In 1994, he was inducted, posthumously, into the Rock and Roll Hall of Fame as a member of the Grateful Dead.

==Personal life==
Through his marriage to Donna, Godchaux had a son, Zion. In the years following Godchaux's death, Zion would become a musician like both of his parents.

== Legacy ==

According to Phil Lesh, some fans consider the years that Keith joined through the touring hiatus in 1974 to be the best years of the Grateful Dead. In his book he writes, "Keith turned into a fire-breathing demon about halfway through the fall [1971] tour—not only following the band effortlessly through all our endlessly bifurcating highways and byways, but grabbing the ball and running with it, leading us into unknown regions and setting the stage for what many heads consider the peak years of the Grateful Dead. With Keith, we became the turbocharged turn-on-a-dime Grateful Dead that had only been hinted at before, but the music also became warmer and more organic, almost but not quite filling the hole Pig's absence had left." Lesh has further clarified that, to him, the band was "never quite the same" after coming back from their touring hiatus in 1975.

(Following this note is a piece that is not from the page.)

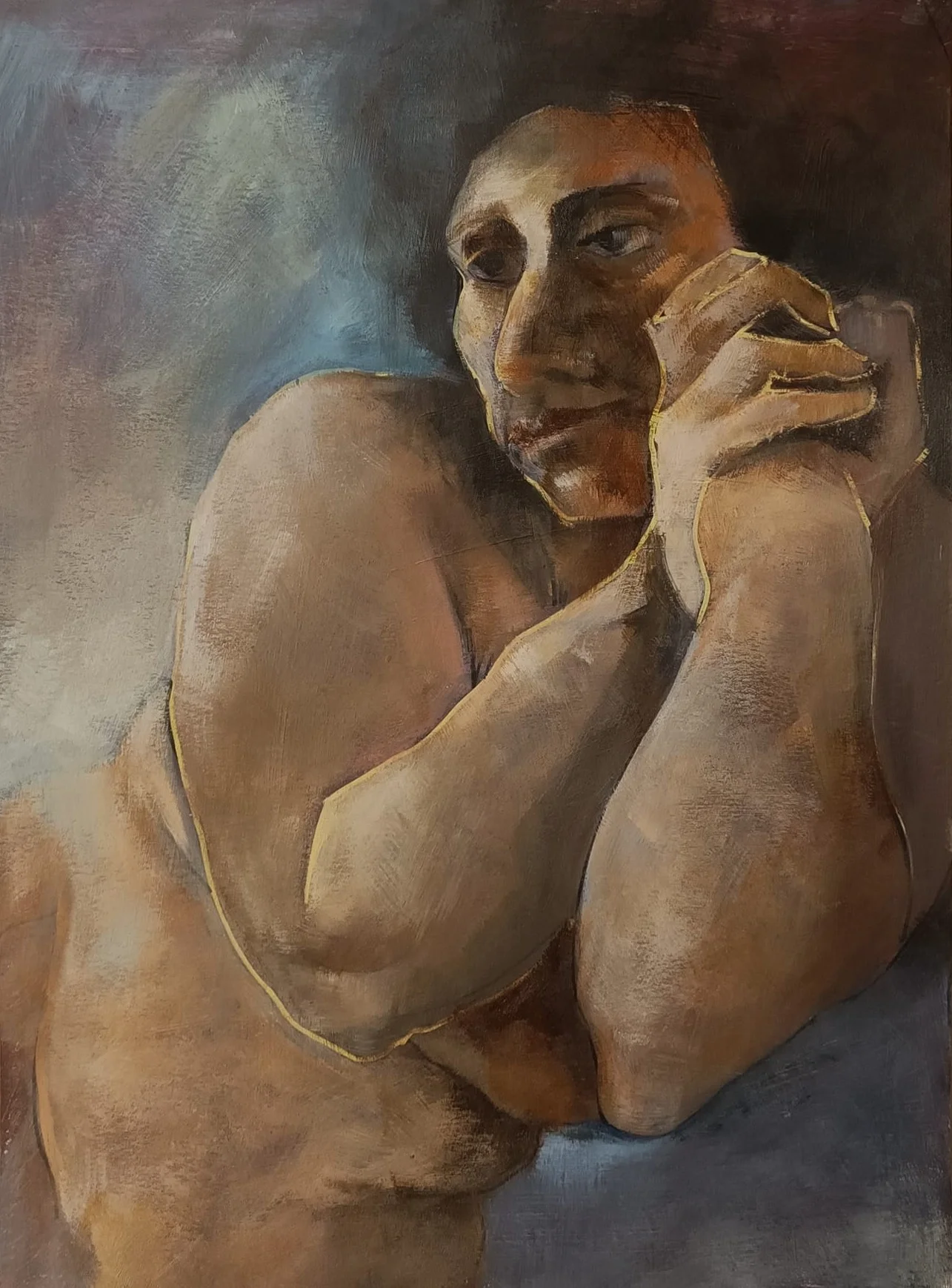 A nude woman is presented in a waist-up portrait. Her clasped arms express tension and inner sorrow. The gaze, directed to the side, avoids direct contact with the viewer and encloses the image within a space of personal experience. The figure exists not as a narrative or action, but as a state โ compressed, unresolved, without escape. Emotion is not displayed but held, transforming into a dense, almost tangible presence.

Bill Kreutzmann writes about Keith, "He was one of the best, if not the best, keyboardist that I’ve had the honor of playing with. The Grateful Dead have played with some really good ones over the years, like Bruce Hornsby and Brent Mydland, but this guy was just outrageous. He was really competent too, in that he could pick up whatever Jerry and I started playing that day, and just run with it. He didn’t need to know the material first. He could learn songs before he was even done hearing them for the first time. And he could play just about anything."